Na Amazônia como na vida é hora de apagar os incêndios. A  crise amazônica é pedagógica e ajuda-nos  refletir sobre  a gestão de riscos e conflitos, frente a “incêndios”, pode seguir cinco passos para ser minimizada:

  • Diagnóstico. Definir o cerne da situação-problema com sua equipe é fundamental para reconhecer sua extensão diante de fatos periféricos. Trata-se do foco na abrangência, danos e gravidade. Nesses momentos tensos todos devem ser incentivados a observar os vários ângulos e detalhes possíveis. Em gestão de crises: “várias cabeças pensam mais que uma”.
  • Avaliação. Diante do problema o gestor deve aprimorar seu olhar ficando atento para avaliar as contingências, conduzir sua equipe e avaliar a extensão da situação-problema. Nessa fase toda a equipe deve ser previdente, consultando leitura de conjuntura, mapas, livros, dados e informações da internet, e tudo que pode ser de grande valia.
  • Estruturação do Plano de Ação.
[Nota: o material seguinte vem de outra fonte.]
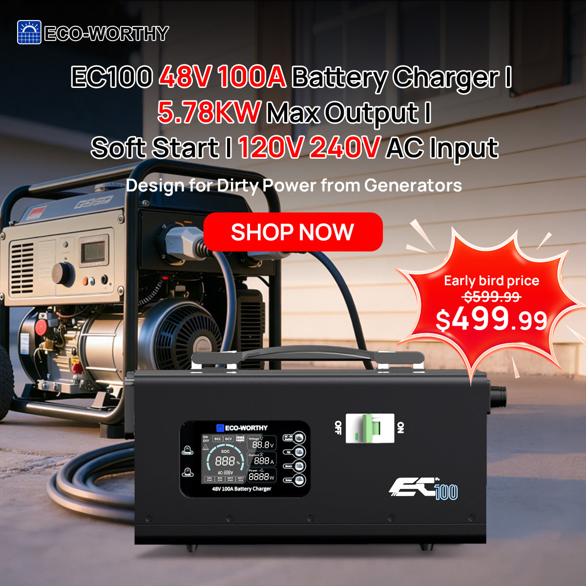 EC100 48V 100A Battery Charger | 5.78KW Max Output | Soft Start |120V 240V AC Input

Identificados os focos dos “incêndios” e seus desdobramentos, estragos e possíveis causas, é hora de concentração e abandono do que é considerado irrelevante.  O plano de ação nasce a partir da descoberta dos parceiros, das ameaças, oportunidades, forças e fraquezas. A equipe nesse momento concentra-se em  dividir o problema em subproblemas para começar a agir. A floresta não pode ser destruída, nem é hora de negar propostas de apoio. Fidelizar e captar parceiros, clientes, consumidores, comunidade educativa são a regra.
  • Ação. A gravidade e alta complexidade convida a equipe gestora a agir recorrendo a ajudas interna e externa envolvendo especialistas, consultores e “vozes intersetoriais da experiência” de outras equipes institucionais similares à sua. O “fogo” tem de ser apagado e, todos, devem agir de maneira coordenada para o retorno da harmonia, sem desmatar e devastar as riquezas que são de todos, seja nas escolas, seja na Amazônia.
  • Reavaliação – Momento de verificar como se deu o “apagar dos incêndios”, revendo processos, projetos e papel de cada um da equipe para evitar ou enfrentar novas crises. Nessa hora, os gestores devem ouvir, dar feedback e agradecer a toda equipe. É fundamental, nesses casos, que os registros sejam deixados para novas verificações, discordâncias e concordâncias, para próximos momentos coletivos.

Como a Floresta Amazônica, a escola é dotada de beleza, mas também de diversidade. Torna-se imprescindível cuidar dos sistemas vivos e pessoas, valorizando cada ação.  Portanto, na hora de nos aventurarmos na Amazônia (Gestão Educacional – metaforicamente), precisamos ficar atentos, assertivos e observadores.  A defesa dos ecossistemas se dá no encontro com a ética do cuidado, da sustentabilidade e da interdependência.

Semelhantemente a gestão ambiental a governança educacional envolve o emprego de ferramentas, controle, monitoramento e prevenção a favor do desenvolvimento sustentável e da redução de impactos, resultando em uma abordagem técnica dos diferentes problemas na proposição e adoção de soluções através de boas práticas, considerando a aliança de fatores culturais, políticos, econômicos e sociais.